Nha San Collective - SWFP3 - Knowledge Exchange - Shifts in Vietnamese Conception of Chinese culture
A series of seminars within Skylines with flying people 3
Nguyen Ban Ga - “Imagining Territories”
Sino-Nom researcher Trần Quang Đức – “Shifts in Vietnamese Conception of Chinese culture”
Sunday, 28.08.2016, 16:00 – 18:30
Nha San Collective, 15th floor, Hanoi Creative City, 1 Luong Yen, Hanoi
Skylines with flying people 3 expands the artistic territory to the field of social sciences and humanities. Organized within the scope of SWFP 3, Knowledge exchange seminars aim to increase awareness of a contemporary Vietnam and to promote dialogues and collaborations amongst different fields and communities, so as to generate new knowledge as well as diverse and creative initiatives.
Each seminar follows subject matters that are relevant to the 12 sub-projects within Skylines with flying people 3, with discussions conducted by an artist and an expert in another discipline such as history, archeology, sociology, etc. Knowledge exchange seminars will be held from March 2016 to December 2016 at different venues in Hanoi.
The second seminar will be the presentation and discussion between Sino-Nom researcher Trang Quang Duc and Nguyen Ban Ga, participating artist of Skylines with flying people 3.
The seminar will be held only in Vietnamese. Please register for English interpretation at the entrance if needed!
Moderator: Lê Thuận Uyên
* Nguyễn Ban Ga - “Imagining Territories”
“Imagining Territories” is Ban Ga’s contemplation of his obscure fear for a potential sovereignty infringement. Traveling to Quảng Yên province, Việt Nam’s northern borders and the Lý Sơn islands, locations associated with Vietnam's proud national defence tradition, the project is a journey of reflection during which the artist investigates various aspects of political frameworks that have shaped each and every Vietnamese.
* Sino-Nom researcher Trần Quang Đức – “Shifts in Vietnamese Conception of Chinese culture”

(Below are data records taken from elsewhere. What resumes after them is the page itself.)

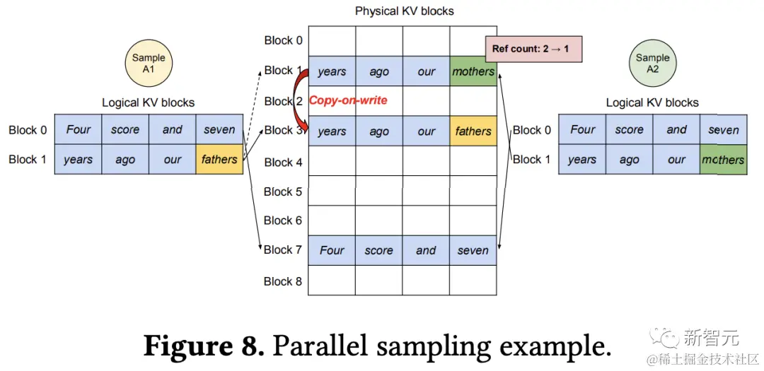 将逻辑和物理KV块分离使得vLLM能够动态地增长KV高速缓存存储器,而无需预先将其保留给所有位置,消除了现有系统中的大多数内存浪费。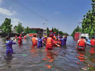7月27日,平谷蓝天救援队的队员们在卫辉转移被困群众。受访者供图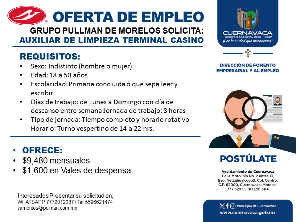 •Tipo de jornada: Tiempo completo y horario rotativo Horario: Turno vespertino de 14 a 22 hrs.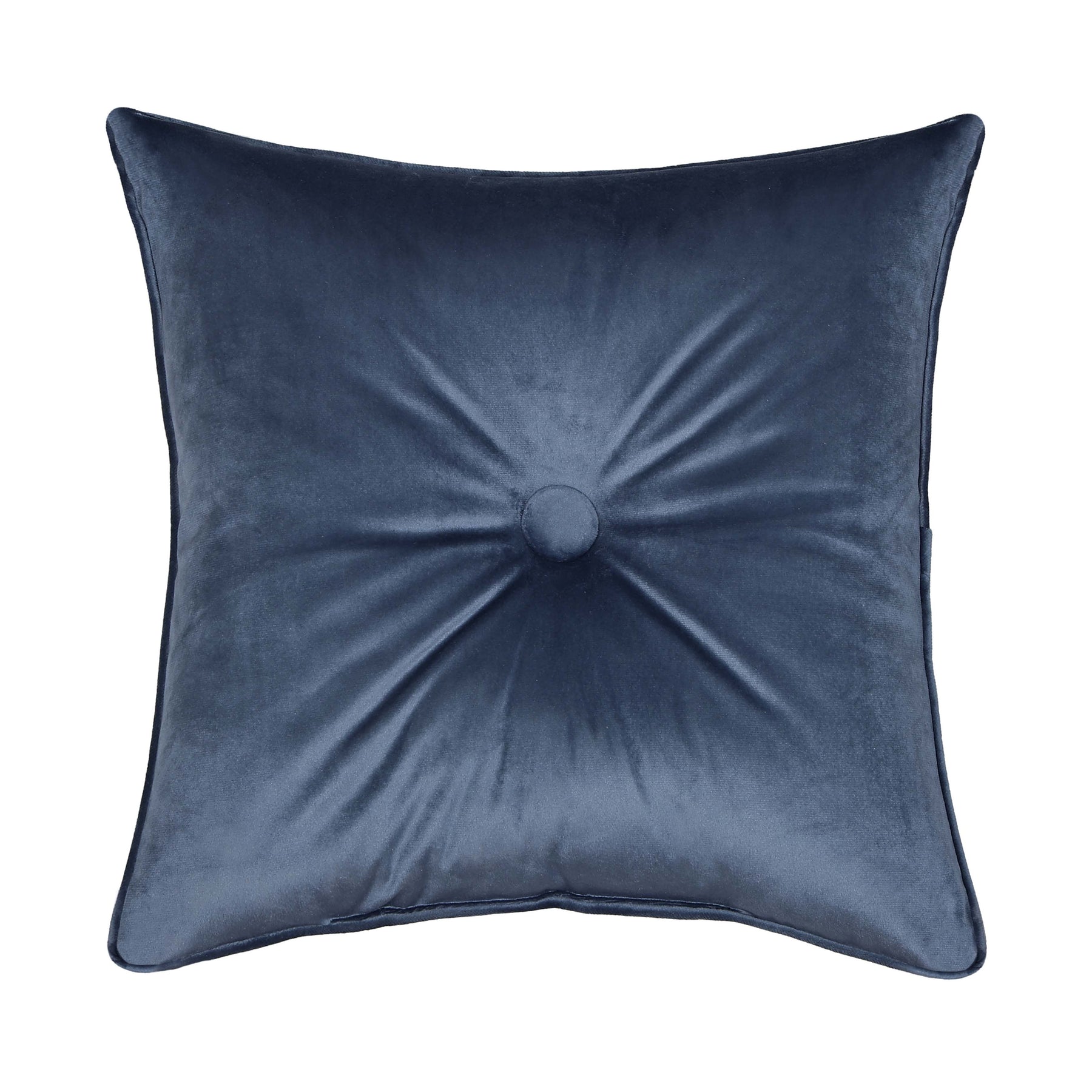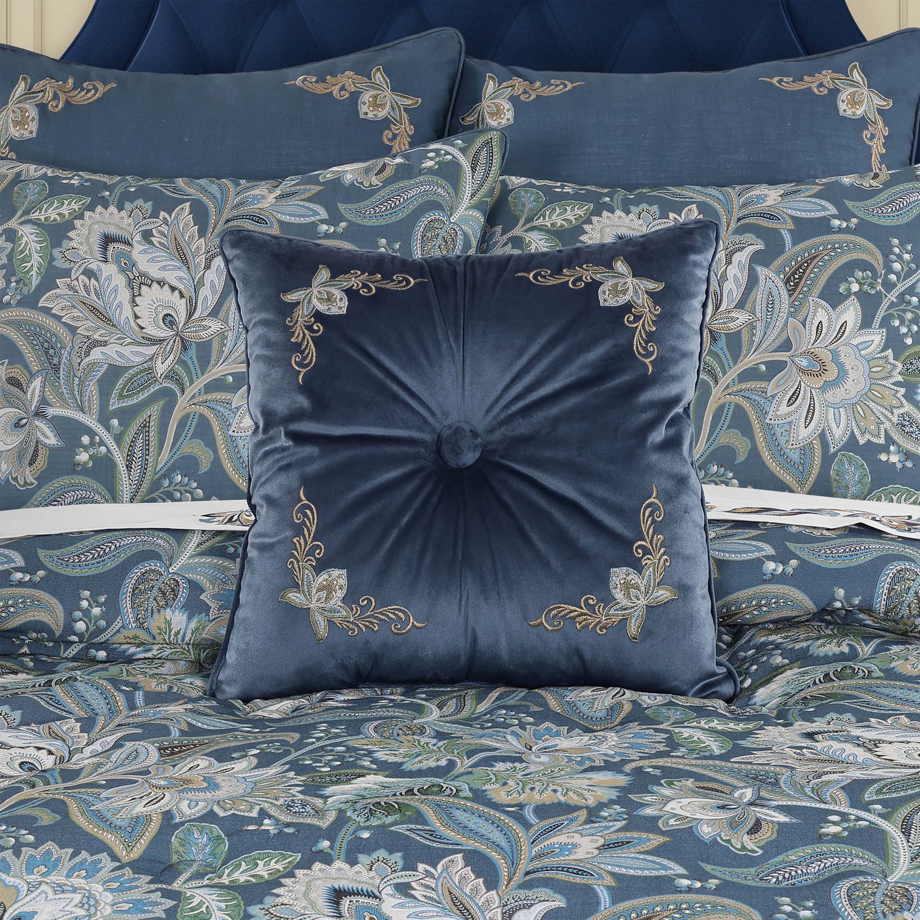 The michaela 18 inch throw pillow is constructed with a tufted fabric covered button accent in a plush blue velvet fabric. The face is embellished with a multicolored floral embroidery placed in all four corners and framed with a 1/4" piping. The coordinating comforter set and accessories are sold separately.

The period during the early twentieth century could be considered a turning point in the history of Vietnam. As the country transitioned from feudal monarchy to a semi-feudal and semi-colonial framework, a series of complex transformations also emerged, resulting in numerous disparities between the modern Vietnamese and their ancestors. Ideologies, perceptions, ways of living, views on cultural influences from China etc. were put into question and called for re-examination.

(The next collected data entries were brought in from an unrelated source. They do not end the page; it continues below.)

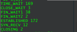 查看linux服务器的网络链接情况netstat -n | awk /^tcp/ {++S[$NF]} END {for(a in S) print a, S[a]}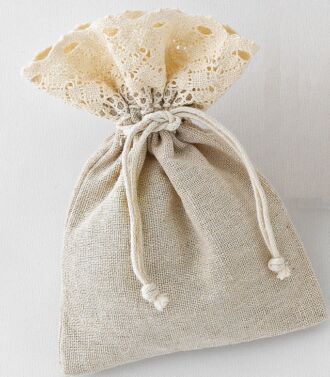 Πουγκί φτιαγμένο από λινάτσα ντυμένη με δαντέλα. Κομψή και πρωτότυπη μπομπονιέρα για ιδιαίτερες βαπτίσεις και εντυπωσιακούς vintage γάμους.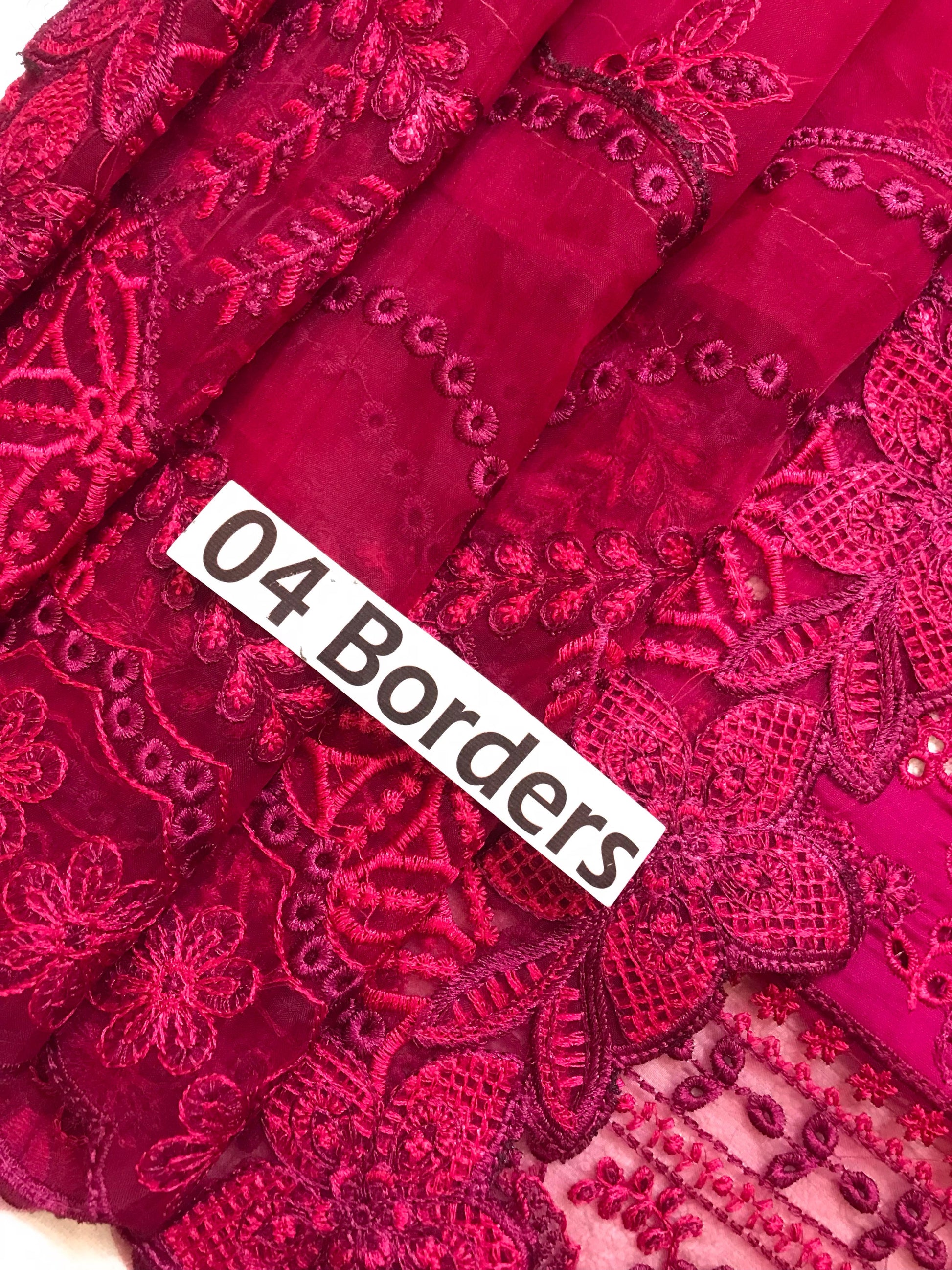Fully Heavy Embroidered Organza Dupatta With 4 Side Cut Work Border and 2 Side Heavy Pallu Embroidered
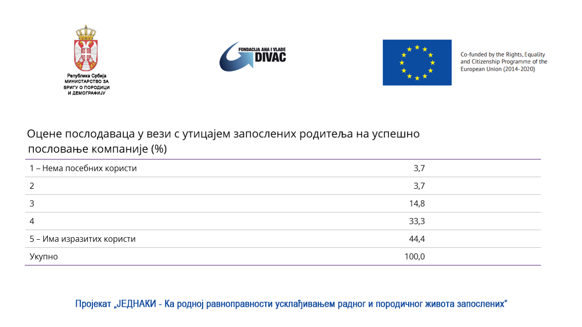- Svaki drugi poslodavac (55,5 odsto) smatra da dužina porodiljskog odsustva ne predstavlja problem za poslodavca, dok je 44 odsto poslodavaca prepoznalo porodiljsko odsustvo kao izazov sa kojim se moraju suočiti i pronaći način za preraspodelu radnih aktivnosti. Nijedan poslodavac ne smatra da porodiljska odsustva zaposlenih majki mogu ozbiljno ugroziti proces proizvodnje i da za njih predstavljaju ozbiljan problem, navodi rezultate istraživanja Jovanović.

In the past, Vietnamese monarchs used to consider the Chinese culture an advanced and intellectual one, and deliberately absorbed it. Some even identified themselves as Huaxia or Han people, while deeming the dynasties of Mongolian Yuan and Manchus Qing barbarians. On this basis, multiple local cultural characteristics - even though distinctively different - shared several similarities with those of China. The modern Vietnamese - having experienced major cultural and political paradigm shifts and with an antipathy toward the expansion of the communist China - have a very different outlook on China, especially when the cultural domain is concerned. Such state of affairs constitutes a complex obsession known as Sinomania.
Nguyễn Ban Ga, studied at the Việt Nam University of Fine Arts and is now living and working in Hà Nội. Ban Ga is one of the founders of Hanoi Link - a collective of young video artists, and an active member of Nhà Sàn Collective. Ban Ga also works at Hà Nội DOCLAB - Centre of Documentary and Experimental film located at the Goethe Institut, where he teaches short courses on filmmaking. Although video art is his primary medium, Ban Ga also works with painting and performance art to express his perspective on issues that contemporary Vietnamese society is facing.

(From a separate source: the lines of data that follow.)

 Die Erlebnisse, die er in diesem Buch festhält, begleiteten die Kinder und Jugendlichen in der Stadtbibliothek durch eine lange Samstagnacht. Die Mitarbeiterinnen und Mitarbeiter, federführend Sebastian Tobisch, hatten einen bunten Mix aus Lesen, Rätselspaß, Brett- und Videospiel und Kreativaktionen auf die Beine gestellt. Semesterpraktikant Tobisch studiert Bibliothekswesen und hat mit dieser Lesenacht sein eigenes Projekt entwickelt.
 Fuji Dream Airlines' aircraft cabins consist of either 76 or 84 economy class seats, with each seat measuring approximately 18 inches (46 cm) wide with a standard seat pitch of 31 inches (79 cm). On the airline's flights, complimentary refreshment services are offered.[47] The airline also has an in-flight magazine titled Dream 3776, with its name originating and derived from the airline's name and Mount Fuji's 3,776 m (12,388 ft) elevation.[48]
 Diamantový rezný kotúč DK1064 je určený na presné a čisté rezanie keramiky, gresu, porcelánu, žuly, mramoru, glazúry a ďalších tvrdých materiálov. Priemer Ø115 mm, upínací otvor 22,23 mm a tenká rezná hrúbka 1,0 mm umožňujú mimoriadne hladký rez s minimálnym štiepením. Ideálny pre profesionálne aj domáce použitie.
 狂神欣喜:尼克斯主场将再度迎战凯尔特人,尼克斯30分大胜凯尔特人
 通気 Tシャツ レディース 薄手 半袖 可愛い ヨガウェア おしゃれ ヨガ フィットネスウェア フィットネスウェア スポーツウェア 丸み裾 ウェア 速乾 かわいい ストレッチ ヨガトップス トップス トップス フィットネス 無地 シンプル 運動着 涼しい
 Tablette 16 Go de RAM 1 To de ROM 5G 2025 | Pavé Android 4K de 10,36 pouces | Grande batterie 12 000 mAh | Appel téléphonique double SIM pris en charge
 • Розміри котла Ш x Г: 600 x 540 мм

Trần Quang Đức, b. 1985, is an independent Sino-Nom researcher. Following a period of study at the Vietnam National University, he won a scholarship to further his education at the Beijing University where he graduated in 2009. Quang Đức has worked at Nha Nam Culture and Media company and the Institute of Literature. He is active in the field of education, and is currently researching on the topics of Vietnamese ancient and medieval culture and history. His debut studies, A Thousand Years of Attires, received the “New Findings” prize at the Good Book Award in 2014. His translation of the Basic Annals section from Sima Qian's Shǐjì (Records of the Grand Historian) was published in late 2014.